Well said, Ruth! Jonathan's passion for fundamental cultural change is wildly evident here. An ambitious goal, SO worthy, and creatively undertaken. Let's GO!!
Expand to screen-free. Tablets as pacifiers in the grocery store, the restaurant, the doctors office = early (toddler age and up) addiction to constant stream of screen-based content that disrupts play and connections with people, animals, beauty, etc.
I'm happy to report that in my own TikTok feed this morning were several videos of moms calling upon other parents form a pact and commit to not giving their young children smart phones. The addicted adults want to spare our kids from the dooms of scrolling! - Erin
Make childhood fun again! Parents must unite to protect our kids from all the anxiety from technology and bad education regarding COVID, climate, race, and trans. Congrats to Jonathan and team for leading the charge.
Thank you for your tireless research on this topic and for your amazing efforts to put this needed social shift into action. Our 17-year-old daughter implemented your recommendations just over a year ago (no smartphone, switch to Apple watch to communicate with family and friends, more independent activities) and she will be the first to tell you how positively life-changing it was. It essentially resolved her anxiety. Thank you again, we owe so much to your work.
In our experience, it seems the most vulnerable population to social media and screen addiction is the 14 to 17-year-old group.

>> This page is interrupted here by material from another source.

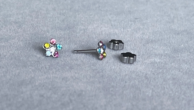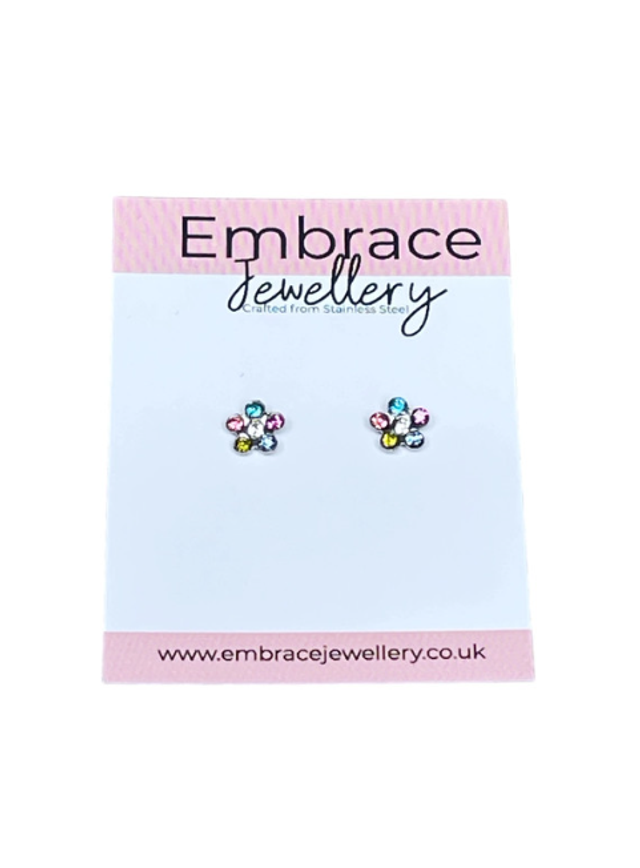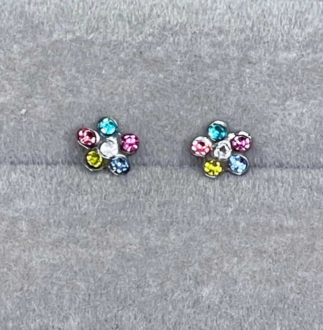 Add a pop of sparkle with these vibrant mini studs, featuring multi-coloured rhinestones in a delicate flower design. Finished with pretty flower-shaped twist-on flat backs that fully enclose the post end—offering charm, security, and snag-free comfort for everyday wear.
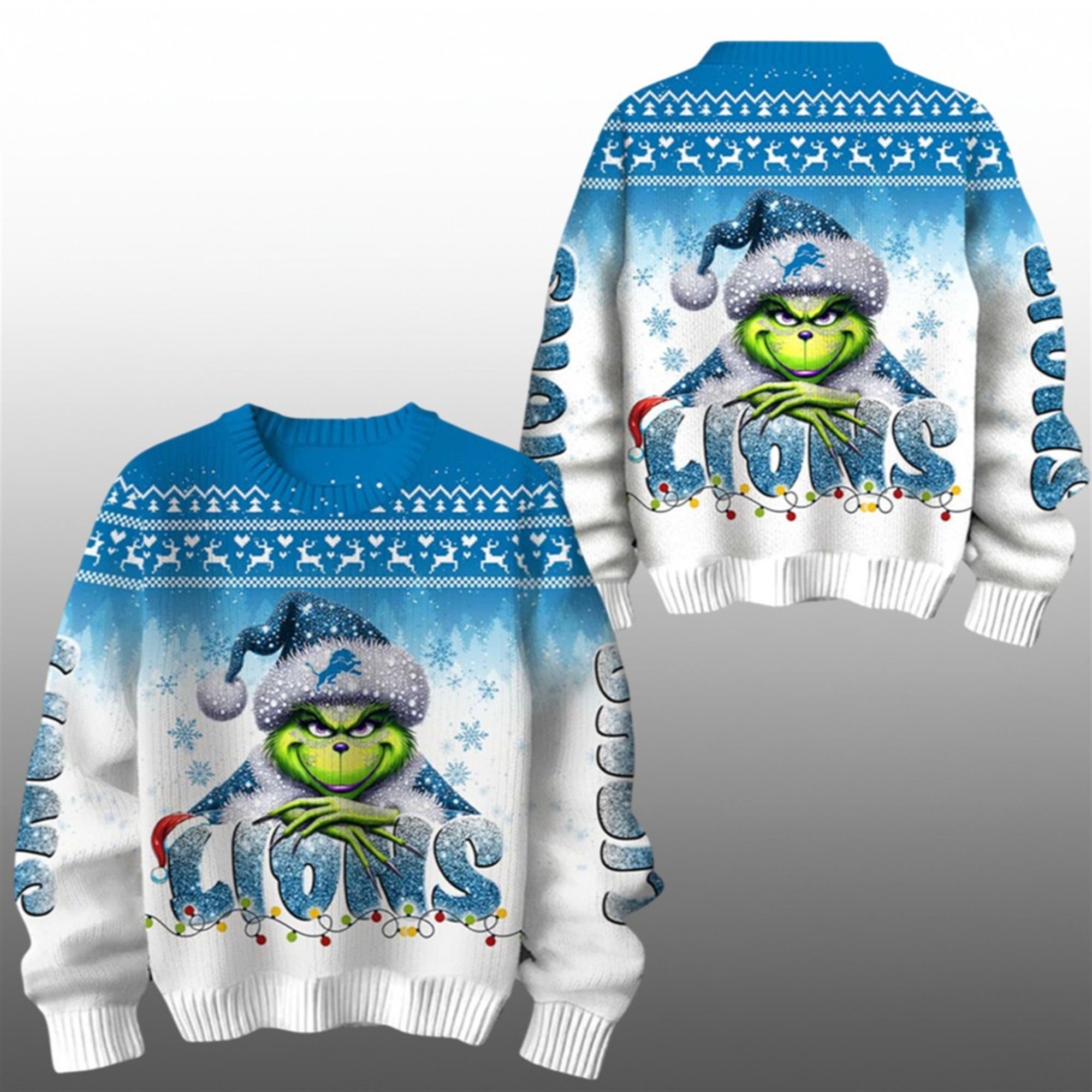 The design features a stunning winter gradient background, fading from deep Honolulu Blue to a snowy white. At the center, the Grnch smirks mischievously, donning a Santa hat emblazoned with the Detroit Lions logo. He leans over the word “LIONS,” rendered in a sparkling, icy font wrapped in festive Christmas lights. Topped off with classic Fair Isle patterns featuring reindeer and snowflakes, this sweater perfectly balances holiday tradition with aggressive team spirit.

My question is, why not extend your recommendation to keep teens off smartphones and social media until age 18, or after high school? It feels like introducing my teenage daughter to social media at 16 would have been the worst possible timing. And with the invention of Apple watches and Gabb-type phones, there are more suitable options to keep kids socially connected without the baggage of smartphones.
It's called the "Overton Window". Haidt's proposals are intended to nudge and shift it. And the other key concept is "tipping point." Slopes are a lot slipperier than they appear, which can be a good thing or a bad thing depending on one's perspective.
I'm thrilled not only that the book has arrived, but to see the Free the Anxious Generation website and movement! I lecture at schools on this topic and always cite your fabulous research and initiatives. I am one of the crusaders for this very important mission. Please let me know if you are putting together a group of leaders to disseminate this information locally to our communities. I'm already doing it as best as I can, but would love to use your resources in any specific way you want them to be used! Thank you again!
What is to be done though about schools putting all the homework and assignments, online, and when it includes watching YouTube videos? So that when a kid is doing schoolwork ....they are online. Many schools near here are putting the kids online during school supposedly to look at what the school wants but of course it's just a flick of a finger away from everything else anyone puts online, much of it carefully tuned to be attractive and addictive?
Hi! I share the worry but have a positive perspective that I would like to explain.
I have come to think that it's good that the school guides my kids in the use of internet for research and academia... There's so much opportunity in global access to information, but so many dangers in global access to mis-information... In my case I'm glad of the school helping the new generation to interact critically with this new environment and harness the benefits it brings... I'm unfortunately less qualified to help my kids with the social interaction on the new media. They are wiser than me and very picky on the applications they use to play and communicate with friends. They were lucky to be starting to use social media during the period of discussion of the "right to be forgotten" (also thoroughly discussed in their school) and as a result they never post publicly and are annoyed if I or my husband post something where they are visible... Not that we are frequent users...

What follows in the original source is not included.